## TASK DETAILS
Pictures in the entries below are excluded; copy only the lines from the one containing "Μια συσκευήέχει βάρος" to the one containing "I then started", both included.

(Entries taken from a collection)
____________

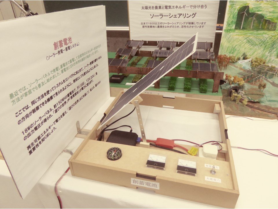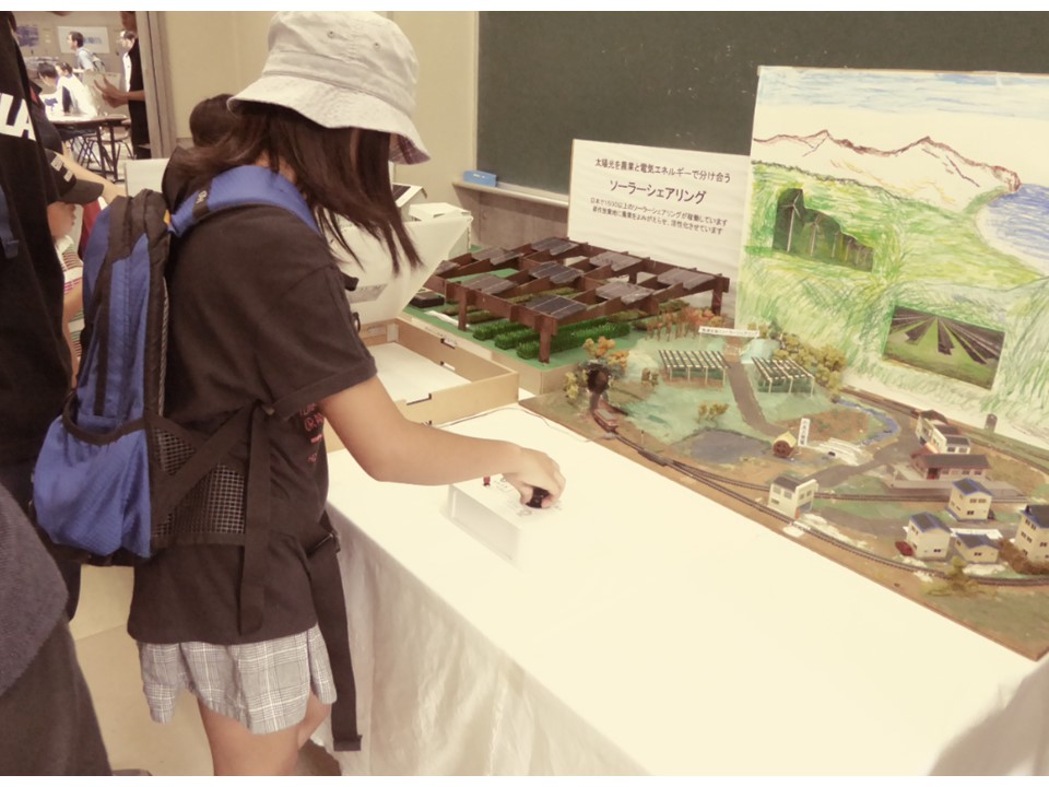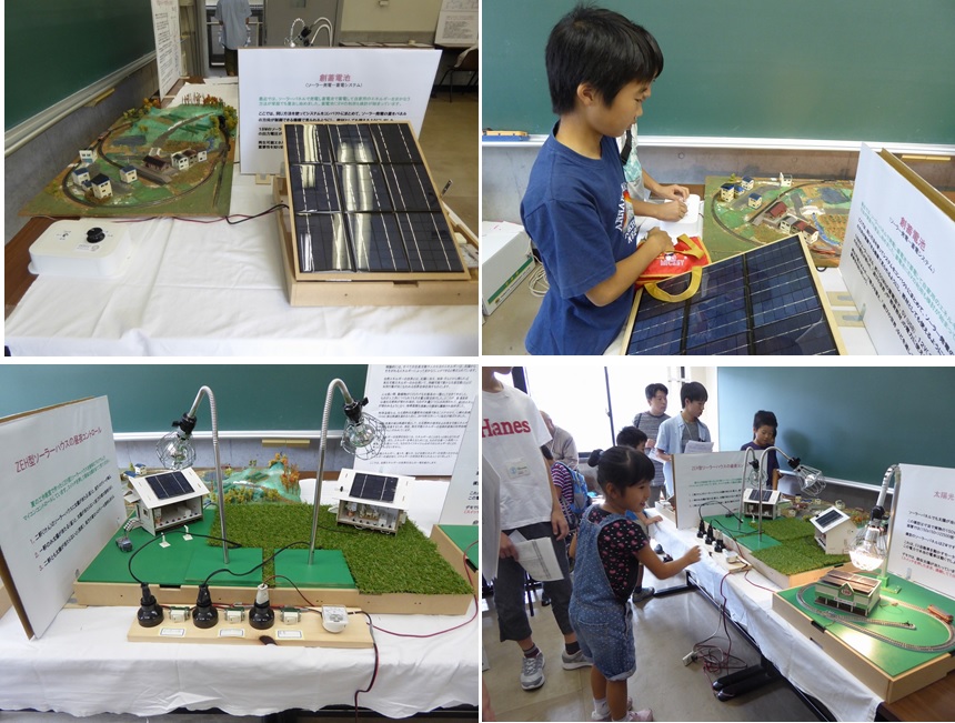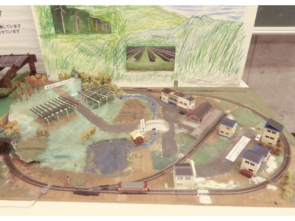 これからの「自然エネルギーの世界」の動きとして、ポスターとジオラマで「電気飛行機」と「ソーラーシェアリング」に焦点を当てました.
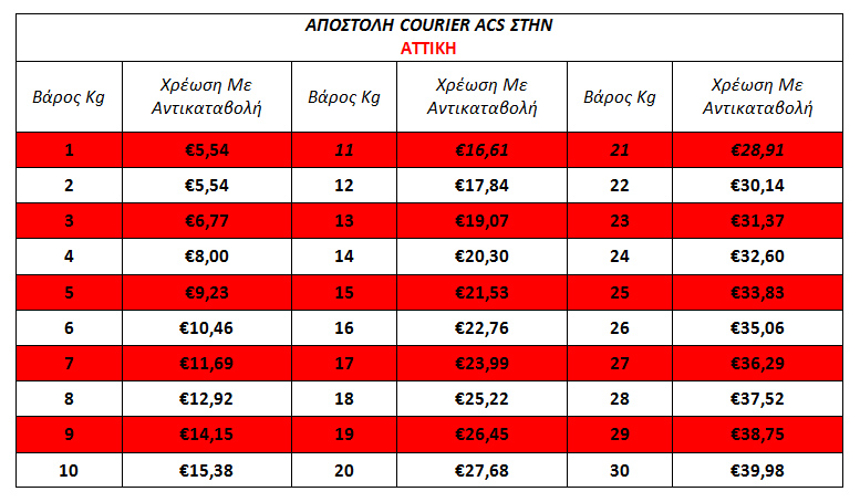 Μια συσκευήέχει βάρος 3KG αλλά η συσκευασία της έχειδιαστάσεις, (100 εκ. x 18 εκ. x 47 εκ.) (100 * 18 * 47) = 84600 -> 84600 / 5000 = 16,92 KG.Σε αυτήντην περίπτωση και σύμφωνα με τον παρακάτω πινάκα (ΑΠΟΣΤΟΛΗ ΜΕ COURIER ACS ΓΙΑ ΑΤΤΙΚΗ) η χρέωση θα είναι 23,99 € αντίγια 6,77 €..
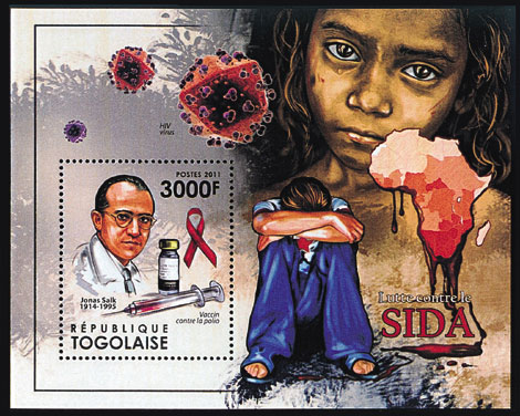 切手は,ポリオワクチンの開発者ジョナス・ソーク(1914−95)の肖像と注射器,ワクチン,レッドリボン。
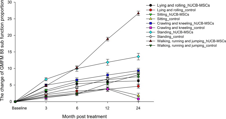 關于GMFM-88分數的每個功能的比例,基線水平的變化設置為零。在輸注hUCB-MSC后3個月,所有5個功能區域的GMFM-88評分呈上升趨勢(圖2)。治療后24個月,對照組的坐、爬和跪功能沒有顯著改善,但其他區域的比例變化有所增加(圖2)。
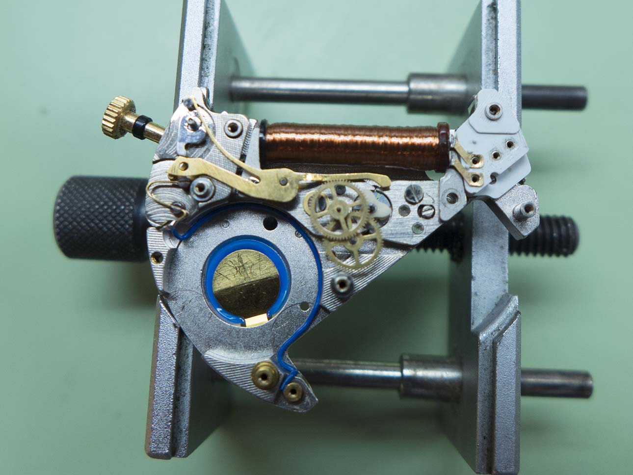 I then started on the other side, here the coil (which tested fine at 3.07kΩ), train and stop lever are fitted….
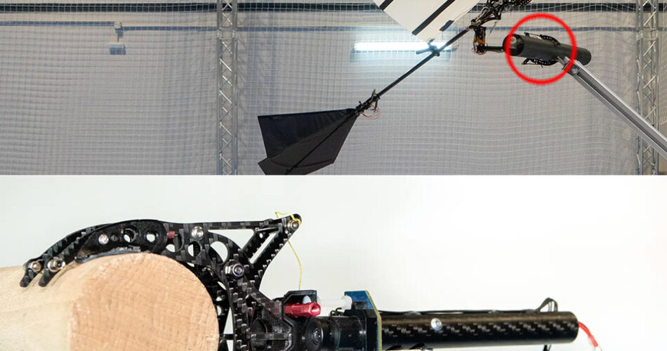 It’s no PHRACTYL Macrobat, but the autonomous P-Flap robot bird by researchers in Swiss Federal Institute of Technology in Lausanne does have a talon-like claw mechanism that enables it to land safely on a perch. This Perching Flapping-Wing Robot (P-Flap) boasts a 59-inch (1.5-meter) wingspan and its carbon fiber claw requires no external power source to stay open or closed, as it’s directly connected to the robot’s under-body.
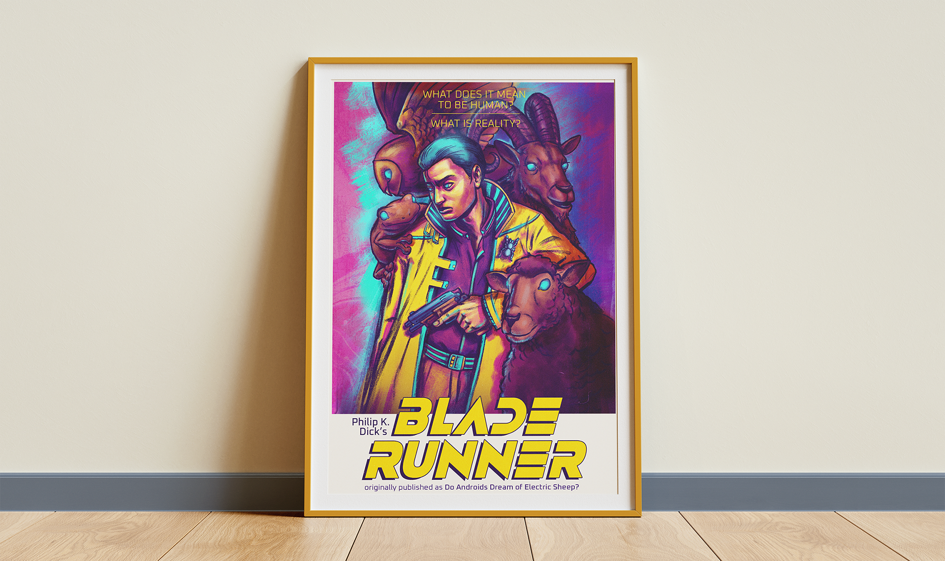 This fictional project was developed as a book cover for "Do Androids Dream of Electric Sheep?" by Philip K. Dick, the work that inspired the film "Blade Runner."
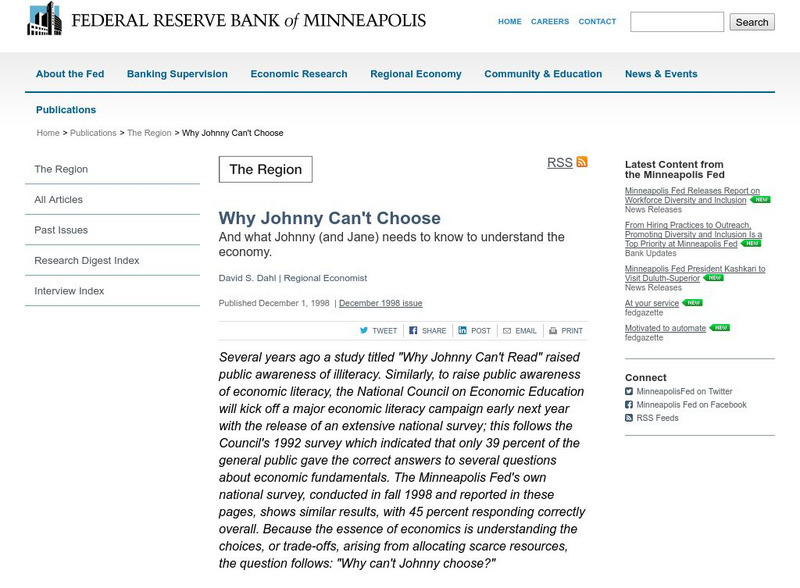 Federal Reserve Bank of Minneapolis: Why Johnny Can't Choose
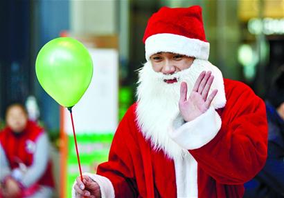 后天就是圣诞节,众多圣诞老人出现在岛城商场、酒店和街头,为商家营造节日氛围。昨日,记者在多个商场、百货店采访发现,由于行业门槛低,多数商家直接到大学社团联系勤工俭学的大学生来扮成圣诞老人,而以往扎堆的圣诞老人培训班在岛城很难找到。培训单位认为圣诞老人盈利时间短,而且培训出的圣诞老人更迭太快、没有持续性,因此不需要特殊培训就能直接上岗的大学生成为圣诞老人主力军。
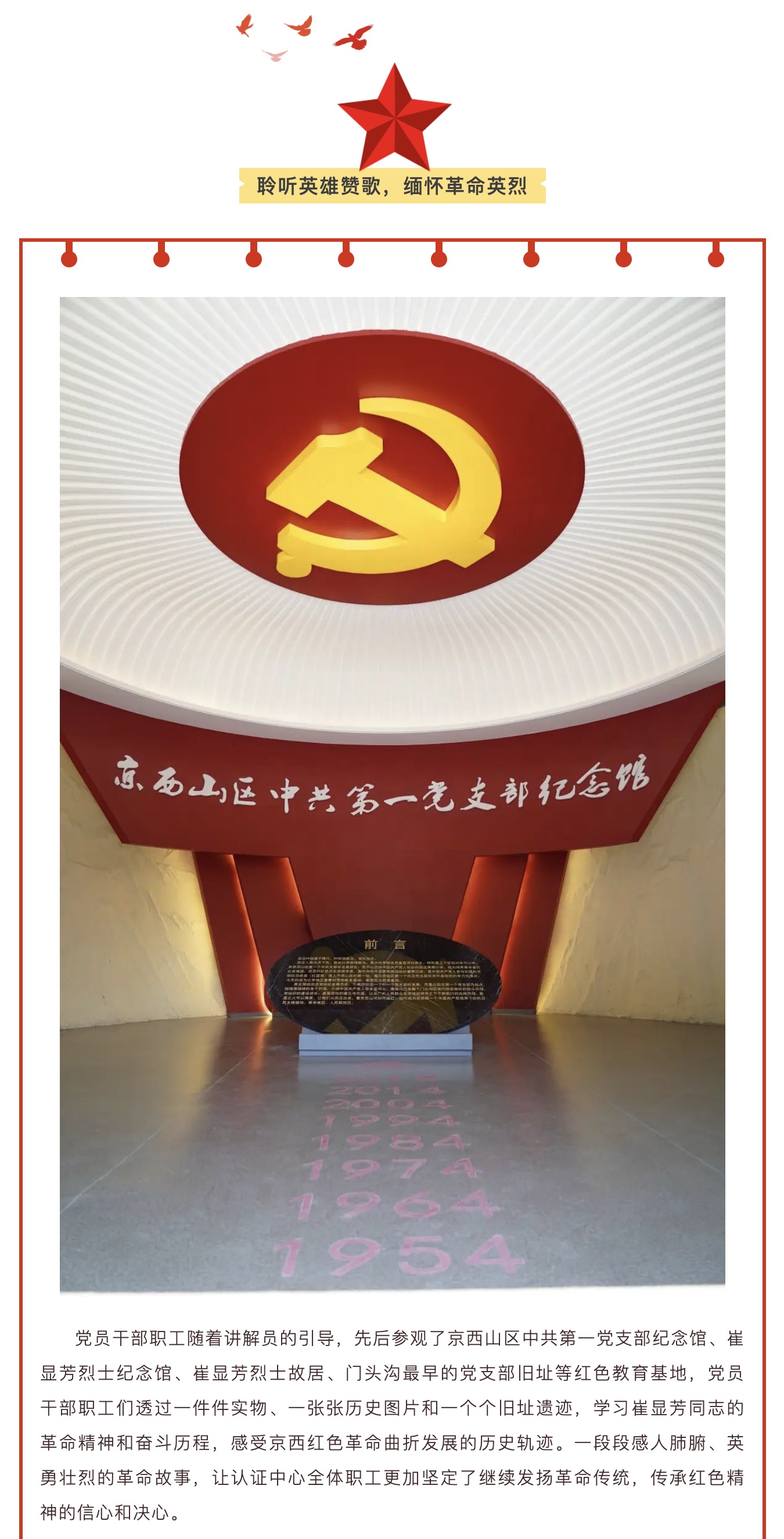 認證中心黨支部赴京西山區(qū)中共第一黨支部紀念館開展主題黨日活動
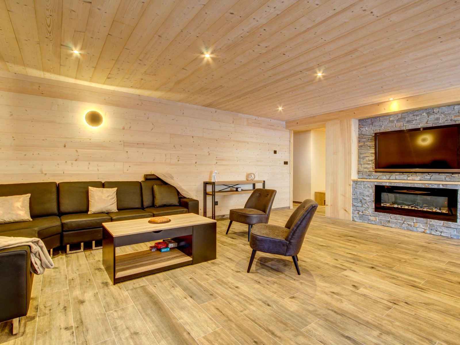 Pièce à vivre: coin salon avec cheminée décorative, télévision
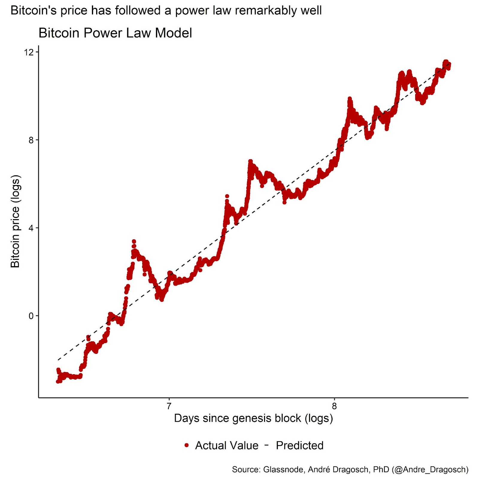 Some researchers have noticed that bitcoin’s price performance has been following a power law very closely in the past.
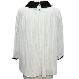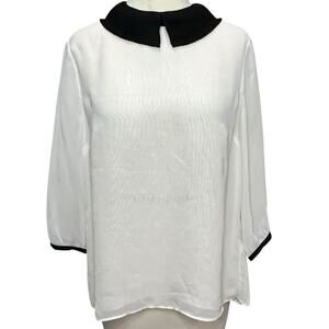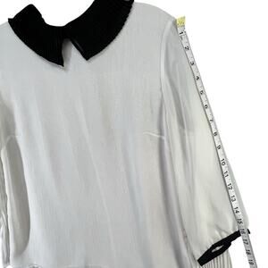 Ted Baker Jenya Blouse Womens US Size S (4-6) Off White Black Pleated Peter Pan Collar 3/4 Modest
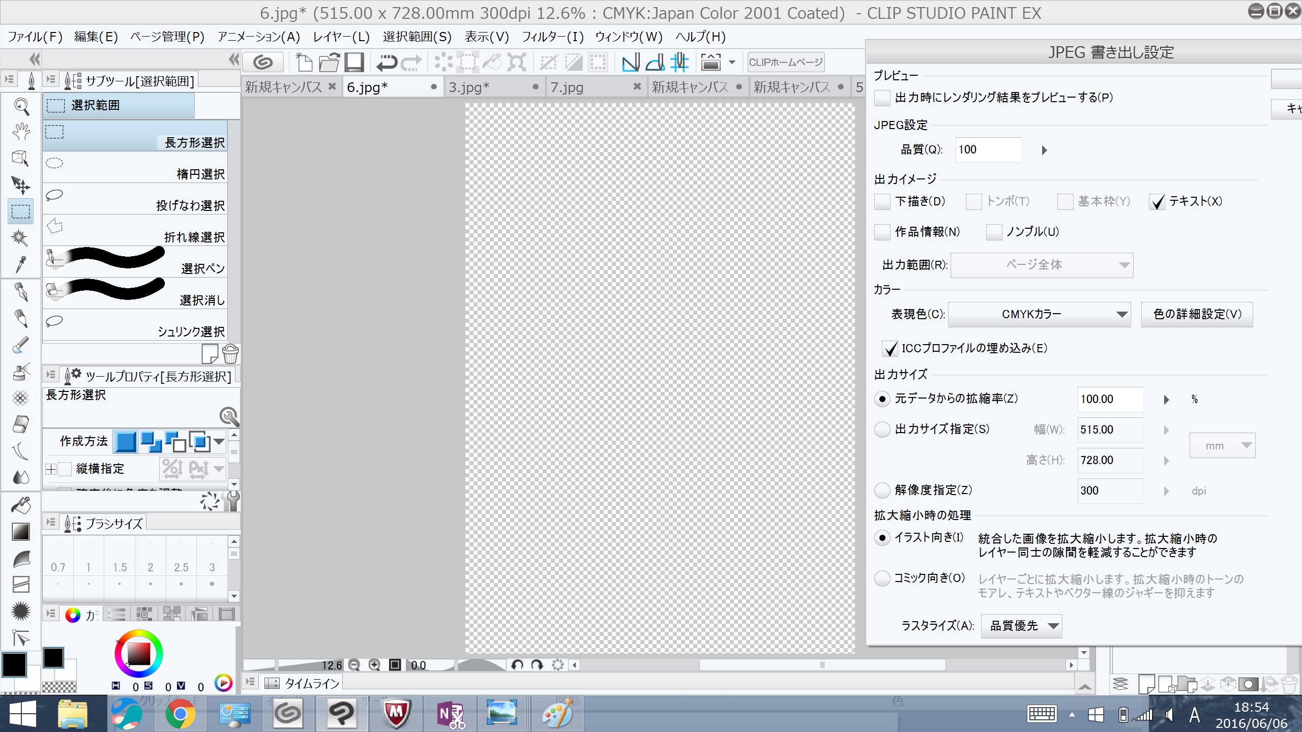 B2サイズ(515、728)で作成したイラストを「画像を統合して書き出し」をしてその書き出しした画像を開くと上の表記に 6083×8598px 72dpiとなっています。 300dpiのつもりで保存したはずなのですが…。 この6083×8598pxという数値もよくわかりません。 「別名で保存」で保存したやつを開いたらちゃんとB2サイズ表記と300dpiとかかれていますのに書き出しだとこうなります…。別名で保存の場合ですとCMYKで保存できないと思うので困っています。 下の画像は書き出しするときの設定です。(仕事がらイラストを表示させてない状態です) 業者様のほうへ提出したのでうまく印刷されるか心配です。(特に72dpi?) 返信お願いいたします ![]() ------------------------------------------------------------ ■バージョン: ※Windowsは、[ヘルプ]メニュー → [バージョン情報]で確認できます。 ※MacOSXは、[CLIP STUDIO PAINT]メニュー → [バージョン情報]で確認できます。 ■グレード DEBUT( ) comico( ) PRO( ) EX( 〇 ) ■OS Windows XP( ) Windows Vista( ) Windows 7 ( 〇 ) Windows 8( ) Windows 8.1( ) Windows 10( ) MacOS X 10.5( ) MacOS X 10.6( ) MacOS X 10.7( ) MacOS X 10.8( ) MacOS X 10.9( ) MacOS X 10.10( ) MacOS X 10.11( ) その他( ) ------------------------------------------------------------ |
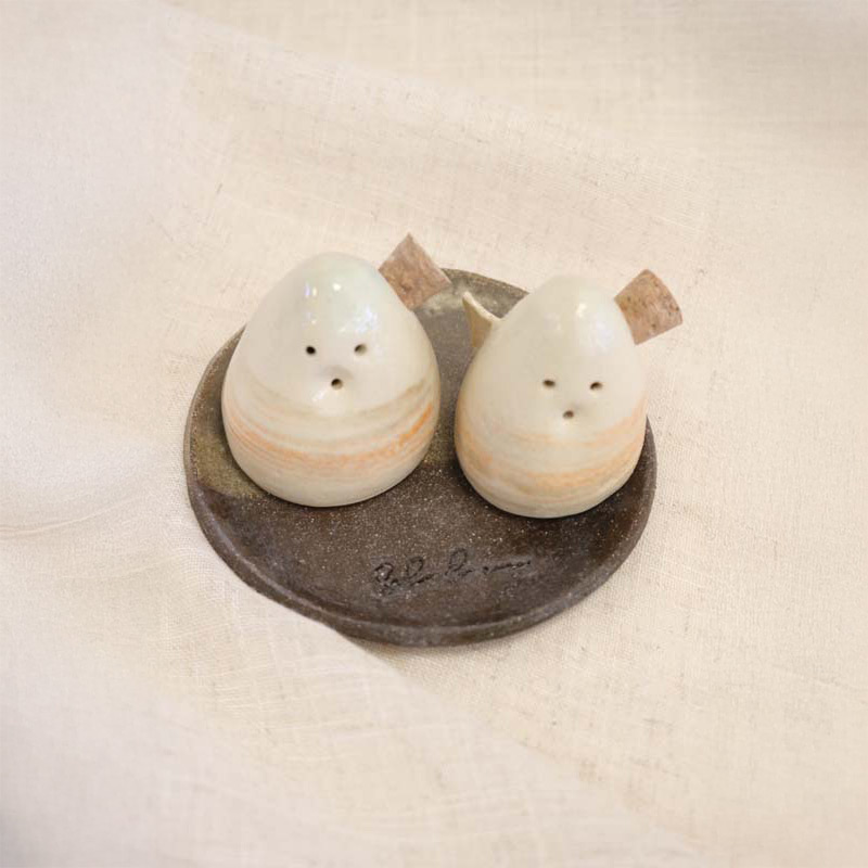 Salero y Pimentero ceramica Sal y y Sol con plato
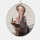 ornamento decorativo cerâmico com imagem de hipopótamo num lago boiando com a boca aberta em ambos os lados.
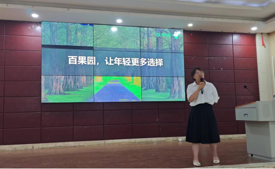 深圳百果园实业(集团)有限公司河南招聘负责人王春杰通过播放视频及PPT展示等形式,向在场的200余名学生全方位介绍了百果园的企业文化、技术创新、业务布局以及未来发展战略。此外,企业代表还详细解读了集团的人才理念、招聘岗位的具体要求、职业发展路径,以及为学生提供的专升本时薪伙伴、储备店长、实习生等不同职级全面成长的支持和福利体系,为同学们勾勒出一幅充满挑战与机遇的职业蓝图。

____________

## EXPECTED ANSWER
 Μια συσκευήέχει βάρος 3KG αλλά η συσκευασία της έχειδιαστάσεις, (100 εκ. x 18 εκ. x 47 εκ.) (100 * 18 * 47) = 84600 -> 84600 / 5000 = 16,92 KG.Σε αυτήντην περίπτωση και σύμφωνα με τον παρακάτω πινάκα (ΑΠΟΣΤΟΛΗ ΜΕ COURIER ACS ΓΙΑ ΑΤΤΙΚΗ) η χρέωση θα είναι 23,99 € αντίγια 6,77 €..
 切手は,ポリオワクチンの開発者ジョナス・ソーク(1914−95)の肖像と注射器,ワクチン,レッドリボン。
 關于GMFM-88分數的每個功能的比例,基線水平的變化設置為零。在輸注hUCB-MSC后3個月,所有5個功能區域的GMFM-88評分呈上升趨勢(圖2)。治療后24個月,對照組的坐、爬和跪功能沒有顯著改善,但其他區域的比例變化有所增加(圖2)。
 I then started on the other side, here the coil (which tested fine at 3.07kΩ), train and stop lever are fitted….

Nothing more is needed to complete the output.